$Cl(Int(Cl(A \cup B))) = Cl(Int(Cl(A))) \cup Cl(Int(Cl(B)))$ Let $A,B$ be two sets in topological space
Prove or disprove:
$$\operatorname{Cl}(\operatorname{Int}(\operatorname{Cl}(A \cup B))) = \operatorname{Cl}(\operatorname{Int}(\operatorname{Cl}(A))) \cup \operatorname{Cl}(\operatorname{Int}(\operatorname{Cl}(B)))$$
where $\operatorname{Cl}$ is closure, and $\operatorname{Int}$ is interior.
I have tried to find a counterexample, but it seems to be true, I have no idea..
 A: Note that since $\DeclareMathOperator{\uswCLevi}{Cl}\DeclareMathOperator{\tuzINazt}{Int}\DeclareMathOperator{\umzBDsym}{Bd}\uswCLevi ( A \cup B ) = \uswCLevi ( A ) \cup \uswCLevi ( B )$ it suffices to show for closed $F , E \subseteq X$ that $$\uswCLevi ( \tuzINazt ( F \cup E ) ) = \uswCLevi ( \tuzINazt ( F ) ) \cup \uswCLevi ( \tuzINazt ( E ) ).$$
 For $A \subseteq X$ let $\umzBDsym A$ denote the boundary of $A$, that is, $\umzBDsym ( A ) = \uswCLevi ( A ) \setminus \tuzINazt ( A )$. We need a few simple facts.
Fact 1. For $A , B \subseteq X$, $\tuzINazt ( A \cup B ) \subseteq \tuzINazt ( A ) \cup \tuzINazt ( B ) \cup \umzBDsym ( A ) \cup \umzBDsym ( B ) $.


*

*proof. Clearly $\tuzINazt ( A \cup B ) \subseteq A \cup B \subseteq \uswCLevi ( A \cup B ) = \uswCLevi ( A ) \cup \uswCLevi ( B )$, and use the fact that for $D \subseteq X$, $\uswCLevi ( D ) = \tuzINazt ( D ) \cup \umzBDsym ( D )$.

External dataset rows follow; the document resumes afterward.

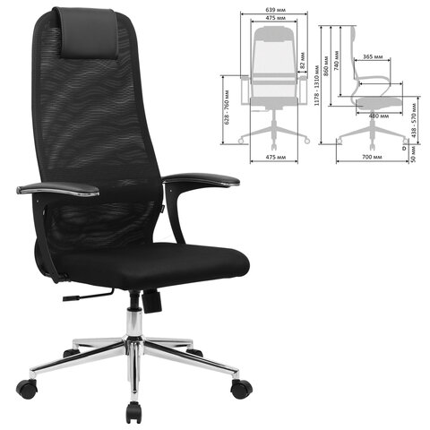 Материал обивки: ткань/сетка Х2 Максимальная нагрузка: до 150 кг Цвет обивки: черный Тип механизма кресла: "Топ-ган" - качание с регулировкой под вес и фиксацией в 1 положении Сетчатая спинка: да Крестовина (пятилучие): металл/хромированный металл Подлокотники: металлические с мягкими накладками Минимальная высота кресла: 1178 мм Максимальная высота кресла: 1310 мм Ширина кресла: 639 мм Минимальная высота до сиденья: 438 мм Максимальная высота до сиденья: 570 мм Сиденье ширина: 475 мм Сиденье глубина: 480 мм Спинка ширина: 475 мм Спинка высота: 860 мм Серия: EX-801 Соответствует требованиям ГОСТа: ГОСТ 19917-93 Поставляется в разобранном виде: да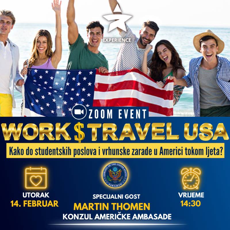 Ne propusti priliku da učestvuješ u ovom specijalnom eventu! Prijavi se ovdje.Program Work & Travel USA je pokrenula američka vlada. U BiH program sprovodi Experience centar za mlade u saradnji sa Ambasadom SAD-a u BiH. Ima za cilj usavršavanje mladih u raznim oblastima, sticanje novih vještina i upoznavanje s novim kulturama.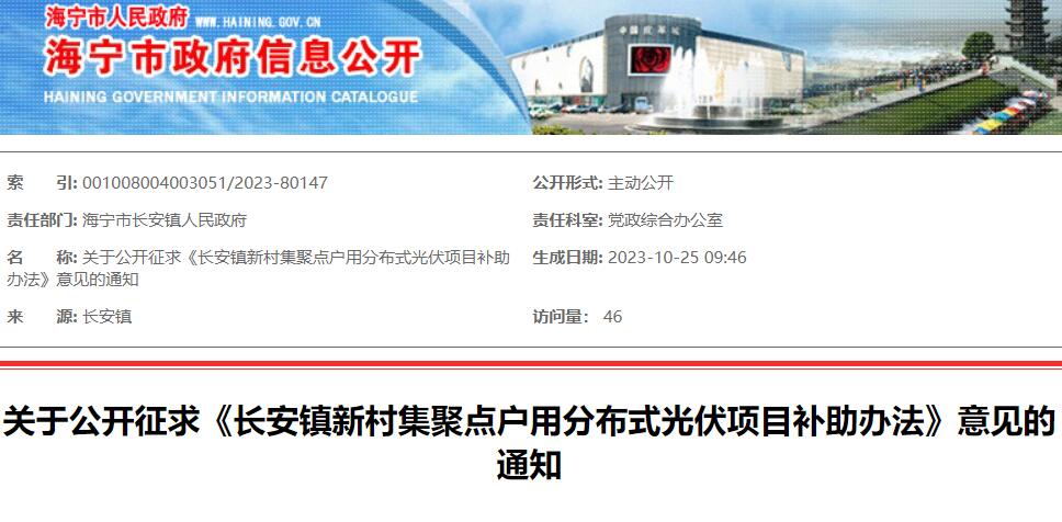 10月25日,浙江海寧市長安鎮(zhèn)人民政府關于公開征求《長安鎮(zhèn)新村集聚點戶用分布式光伏項目補助辦法》意見的通知。文件指出,為加快統(tǒng)籌推進全鎮(zhèn)新村集聚點戶用分布式光伏項目建設,特制《長安鎮(zhèn)新村集聚點戶用分布式光伏項目補助辦法》。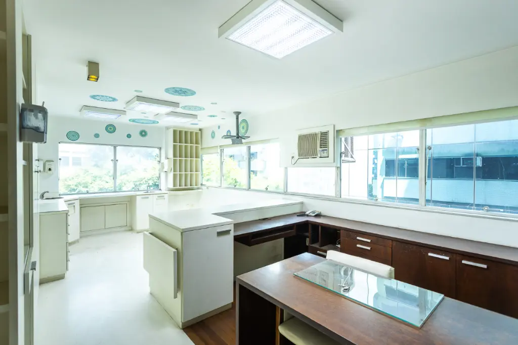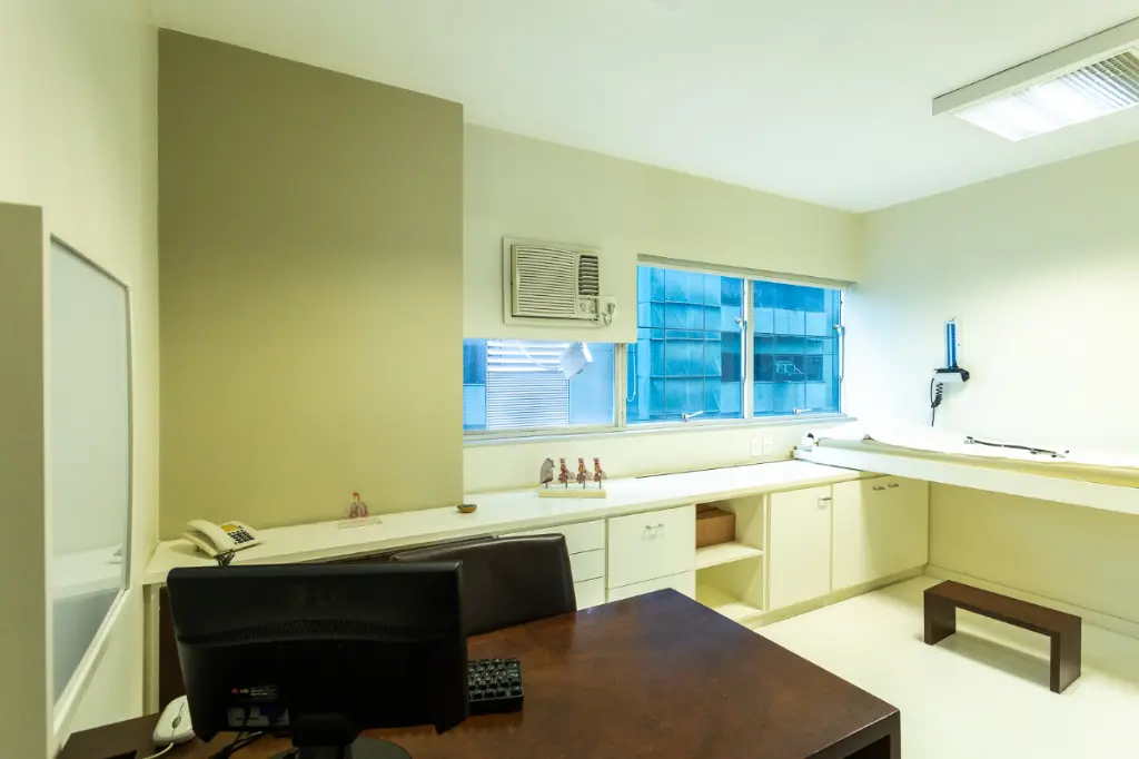 Ao entrar, o espaço impressiona pela recepção bem definida, acompanhada de dois ambientes de espera, proporcionando fluidez no atendimento e excelente experiência para clientes e pacientes. A unidade conta ainda com copa funcional, dois banheiros separados (clientes e funcionários) e três salas independentes de atendimento, hoje utilizadas por especialidades como endocrinologia, odontologia e cardiologia prontas para uso imediato, sem necessidade de grandes adaptações.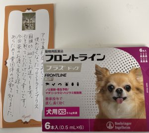 犬用フロントラインプラスのご支援をいただきました。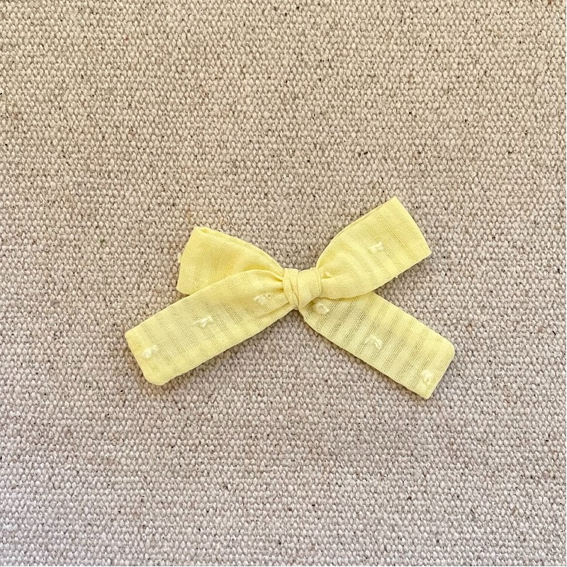 Le noeud est en coton vichy gaufré jaune , il mesure environ 9,5 cm .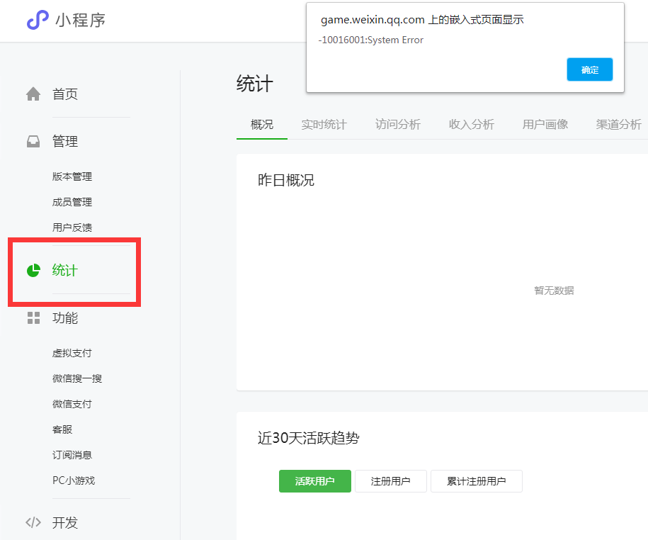 今天所有小程序点击统计都会有报错,麻烦看看原因哈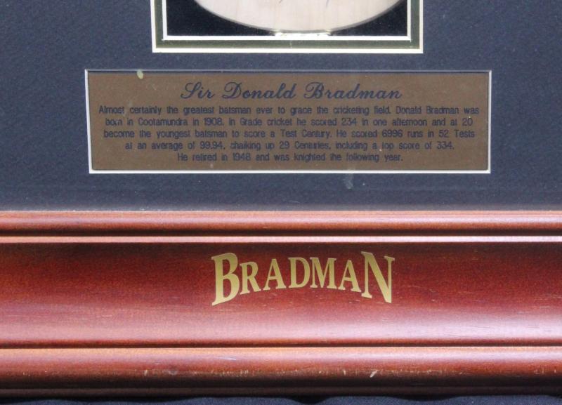 Sir Donald Bradman 'Sir Donald Bradman' display comprising signature on cricket card affixed to replica 'Sykes - Don Bradman'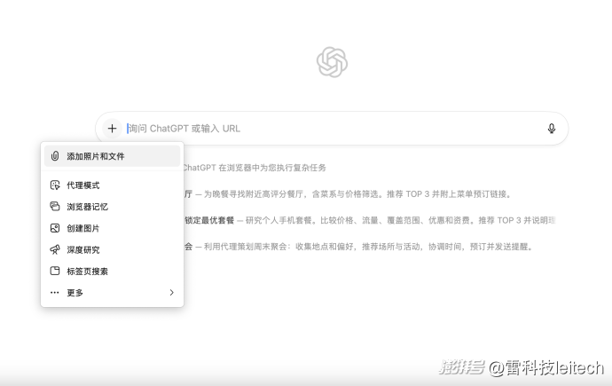 搜索框旁的「+」藏著ChatGPT- Altas的所有功能,深度研究、代理模式、畫布等,都在這里面。也可以添加文件和照片,和ChatGPT的app端保持一致。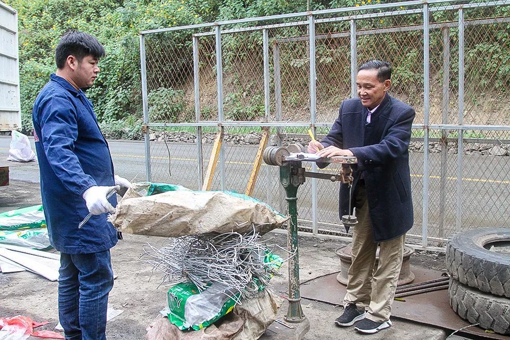天空飘着毛毛细雨,记者赶到韦福刚的富宁县金属回收公司时,映入眼帘的便是韦福刚单腿支撑在地,双手扶着磅,在熟练地给一包包金属过秤。
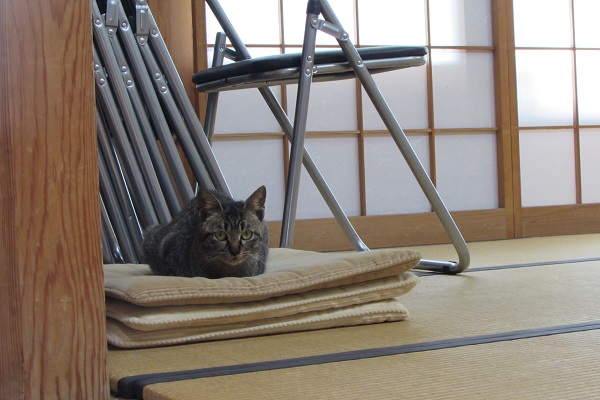 ホームページをご覧のみなさん!こんにちは、ある日の牧島コミセン・集会室にお客様が、くつろぎ中でした。管理人ひとりでおどろき、その後ひとりで笑ってしまいました!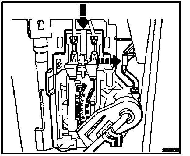 2. Gently push the fuel level sending unit down until the snap tab (2) engages.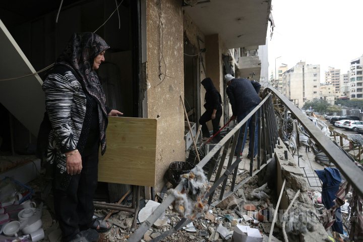Orang-orang membersihkan puing-puing dan reruntuhan dari apartemen mereka di pinggiran selatan Beirut pada tanggal 27 November 2024 saat orang-orang kembali untuk memeriksa rumah mereka setelah gencatan senjata antara Israel dan Hizbullah berlaku. (Photo by IBRAHIM AMRO / AFP)

Fact 2. If $F \subseteq X$ is closed, then $\tuzINazt ( \umzBDsym ( F ) ) = \emptyset$.


*

*proof. As $S$ is closed, then by definition $\umzBDsym ( F ) = \uswCLevi ( F ) \setminus \tuzINazt ( F ) = F \setminus \tuzINazt ( F )$. In particular $\tuzINazt ( \umzBDsym ( F ) ) \subseteq F$, and since $\tuzINazt ( \umzBDsym ( F ) )$ is open we have $\tuzINazt ( \umzBDsym ( F ) ) \subseteq \tuzINazt ( F )$. But as $\umzBDsym ( F )$ is disjoint from $\tuzINazt ( F )$ it must be that $\tuzINazt ( \umzBDsym ( F ) ) = \emptyset$.



We now move on to the proof.
For the simple inclusion, note that as $F \subseteq F \cup E$, then $\tuzINazt ( F ) \subseteq \tuzINazt ( F \cup E )$, and so $\uswCLevi ( \tuzINazt ( F ) ) \subseteq \uswCLevi ( \tuzINazt ( F ) )$. Similarly $\uswCLevi ( \tuzINazt ( E ) ) \subseteq \uswCLevi ( \tuzINazt ( F \cup E ) )$.
For the opposite inclusion, let $x \in \uswCLevi ( \tuzINazt ( F \cup E ) )$, and let $U$ be any open neighborhood of $x$. We must show that $U \cap ( \tuzINazt ( F ) \cup \tuzINazt ( E ) ) \neq \emptyset$. As $x \in \uswCLevi ( \tuzINazt ( F \cup E ) )$ using the two Facts above we have
$$\begin{align}
\emptyset &\subsetneqq U \cap \uswCLevi ( F \cup E ) \\
&\subseteq U \cap ( \tuzINazt ( F ) \cup \tuzINazt ( E ) \cup \umzBDsym ( F ) \cup \umzBDsym ( E ) ) \\
& = U \cap ( \tuzINazt ( F ) \cup \tuzINazt ( E ) \cup \emptyset \cup \emptyset ) \\
&= U \cap ( \tuzINazt ( F ) \cup \tuzINazt ( E ) )
\end{align}$$
as desired.